一个周末时,流氓接小花,直接对她说:“把东西收一收,搬出来。”

    小花摇头:“不。”

    流氓当即不高兴:“你忘记你答应过什么吗?”

    小花当然记得,可万万没想到,会这么快。

    她同时也清楚明白,这次搬出来意味着什么。

    她还是觉得早了些。有些羞赫,有些忐忑,还有点害怕。

    她说:“我,我还是学生。等,等……"流氓点点头,“呵呵,博士也是学生。你要读到博士,我得等你博士毕业是吧。“小花红着脸:“没说要读博士。”

    流氓冷冷的:“感激不尽。“小花态度坚决,流氓没有办法,那段时间较忙,他没有再坚持,但好几天对小花冷冷淡淡。

    小花心里有点过意不去。

    水奶奶一直做后勤工作,帮他们煮煮夜宵,洗洗衣服。不过她毕竟年纪大了,精力体力都有限,有时心有余力而不足。

    有一次,参加一个社团活动,小花很晚才从外面回来,宿舍门已关闭,她只好到公寓那边住宿一晚。

    到公寓时,已近十二点。楼里静悄悄,所有人想必都已入睡。

    可是,到二楼客厅,小花看见,流氓外套未脱,就随随便便躺在沙发上。

    茶几上是冷掉的食物。

    小花走近,想要叫醒他:“怎么在这里睡?小心着凉。”

    流氓似醒非醒闷哼一声,一动不动。

    小花觉得异样,仔细一看,这才发现他呼吸粗重,面颊发红。伸手探一探他额头,只觉烫手。

    小花忙推他:“喂,你在发烧。”

    流氓皱眉:“嗯。”

    “你知道?那怎么不去医院,还这样睡着?”小花责备。

    “忙。累。”流氓眼皮沉重,不愿睁眼。

    小花已经明白。

    她放低声音轻柔的说:“我陪你去医院好吗?”

    流氓闭着眼:“不想动。”

    小花无奈,从家用药箱里找来感冒药喂他吃下。

    小花问:“要不要吃点东西。”

    他摇头。

    过一会儿说:“陪着我。难受。”

    小花坐下,将流氓的头放在她腿上。

    此刻他温顺而安静。

    听说男人在亲密的爱人面前,会像个孩子。小花想,此时的流氓就像小孩一样。

    可是,她没有照顾好他。

    她在灯光下端详流氓。他瘦了。这些日子以来,他马不停蹄,亲力亲为,常忙碌到深夜。他难道不累?他也是人。他想每天见到她,百忙之中还要抽时间去看她。小花偶尔遇到棘手和烦忧的问题,就对他诉说。可他从未对她说起任何困难,劳累。
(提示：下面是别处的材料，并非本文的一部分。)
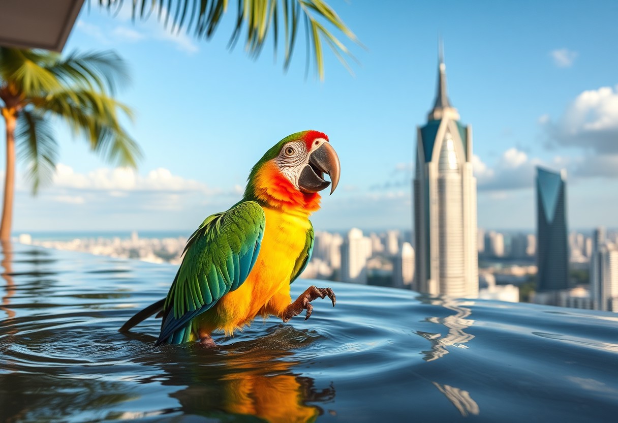 Happy parrot, playing in water, drinking, thristy, daylight penthouse, tropical city, morning, skyscraper, distant city,

今天,如果不是小花恰好碰见,她可能永远不知道他在发烧。

    劳累一天,回到家中,清冷一人,生了病也无人知晓。

    想一想,有点心酸。

    小花低头轻轻说:“明天,我就搬出来,好不好。”

    大一学年快结束时,小花由女孩变成女人。

    从不缺席,不迟到的优秀学生小花破天荒请了一天假。

    那天早上她的室友接到一通电话,“麻烦你,帮小花请一天假。”

    “她怎么了?”

    “身体不舒服。”

    “你是谁?”

    “她男人。”

    电话挂断。

    室友呆呆握着话筒,一时不能回神。

    另一人看到,好奇问:“怎么了?”

    “他好man。天啊,这样听,他声音好好听,似天籁。”

    室友捶胸:“小花太幸福了,每天都听着天籁入睡和醒来!刚刚的声音带点沙哑,好性感,怎么办,我好像有点脸红了……”

    此时的小花才是真正脸红。

    无论如何,她都不能相信流氓是一个生手。

    流氓痞痞的笑:“悟性高的人学什么都快。”

    又说:“多读书,的确有好处。”

    小花面红耳赤:“流氓!”

    “这是最好的夸奖。”他在小花耳边chuan息着说:“女人都爱流氓。多少女人巴不得自己男人是流氓。小花儿,以后,你会知道。”

    小花由流氓教导,真正认识男人的身体,以及自己的身体。她从来不知道一个人身体上有那么多不可言说的妙处。

    她几乎承受不住。

    流氓精力充沛,休息片刻,说:“再来一次。”

    小花大惊:“不……”

    尾音被唇舌堵住。

    大二时,小花连任班长,同时担任学生会副会长。

    与此同时,幸头开第二家分店。

    两人白天都各忙各的,但晚上一定会一起吃晚饭,留出相处时间。

    时间似乎过得飞快。

    大三,小花连任学生会副会长,同时兼任其他几个社团重要职务。

    流氓转型投资,将目光转向餐饮业。

    同年第一家火锅店开业。

    店名依旧比较无厘头:花氏火锅。